Soon thereafter, a costly misstep into politics resulted in Amitabh having to recoup lost ground in filmdom as well as defend his reputation. Amitabh grimly cut his losses and continued with his life. At 50, Amitabh was still a national figure of admiration when he shocked many by taking an unprecedented holiday from the screen after Khuda Gawah (1992); only to return in a new corporatised avatar, charging an unprecedented Rs 30 million and playing the hero in such insipid fare as Mrityudaata and Major Saab. He then saw his ambitiously scaled but idealistically helmed Amitabh Bachchan Corporation Limited production house dream disintegrate, and was faced with a heap of debt. Amitabh doughtily battled on, bravely gambled with his image and signed on for a game show on television, a medium considered infra dig by many. Hosting Kaun Banega Crorepati was seen as a sign of desperation, but it proved to be Amitabh's saving grace as his genial hot seat manner proved a big hit and sent his stock shooting skywards once again. Amitabh slogged it out in films and commercials and extricated himself from the financial hellhole. As always, adversity unleashed the fighting spirit in Amitabh. While Amitabh had never broken free from the angry young man image which had alchemised him into a mega star in his salad days, he had also never kowtowed totally to commercial considerations. He married Jaya Bhaduri and started a family as soon as he was successful; he played a romantic old man (for most of the movie) role like Kabhi Kabhie at 34 and he consistently worked with middle-of-the-road director Hrishikesh Mukherji (through seven films from 1970 to 1982). Amitabh did expand his oeuvre to include light comedy in Amar Akbar Anthony, Don, Laawaaris, 'items' as they are dubbed in filmdom. But he was careful to never shatter the carapace of his image. Today, a rejuvenated Amitabh seems to have finally allowed his experimental side free rein, perhaps because he is not shouldering the success of a film single-handedly anymore.

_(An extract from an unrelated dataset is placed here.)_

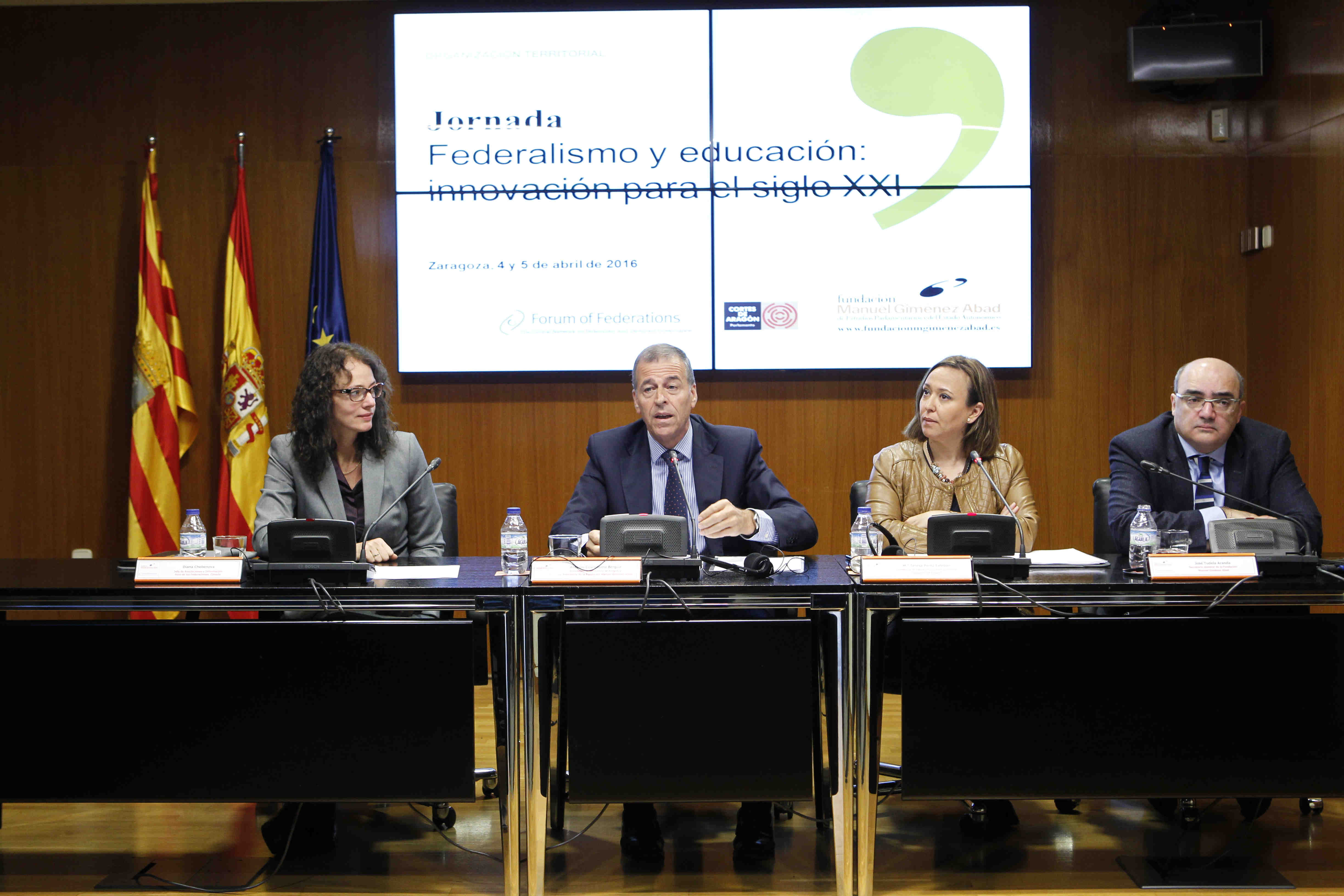 The conference was inaugurated by Jose Tudela Aranda, Secretary General of the Gimenez Abad Foundation; Diana Chebenova, Head of Partnership and Information of the Forum of Federations; Maria Teresa Perez Esteban, Minister of Education, Culture and Sport of the Government of Aragon; and Antonio Cosculluela Bergua, President of the Aragon Parliament and President of the Gimenez Abad Foundation.

It has unshackled him from pandering to expectations. Besides playing the petulant patriarch in Aditya Chopra and Karan Johar's films (Mohabbatein and Kabhi Khushi Kabhie Gham), Amitabh has recently done starkly etched negative roles in Aks, Aankhen and in the forthcoming Kaante. He is also working with first-time woman director Honey Irani in Armaan and is dipping his toe in avante garde cinema too with Kaizad Gustrad's Boom. The actor who starred in four straight disappointments in 1999 -- Lal Baadshah, Sooryavansham, Hindustan Ki Kasam and Kohram -- is now on the wish list of established filmmakers like B R Chopra (Baghban) and Rakjumar Santoshi (Khaki) as well as the new brigade of Honey Irani (Armaan), Vikram Bhatt (Aitbaar) and Farhan Akhtar (Lakshya). A wax imitation at London's Madam Tussauds and a temple in Kolkata are proof of his continuing success. Age is now obviously just a number.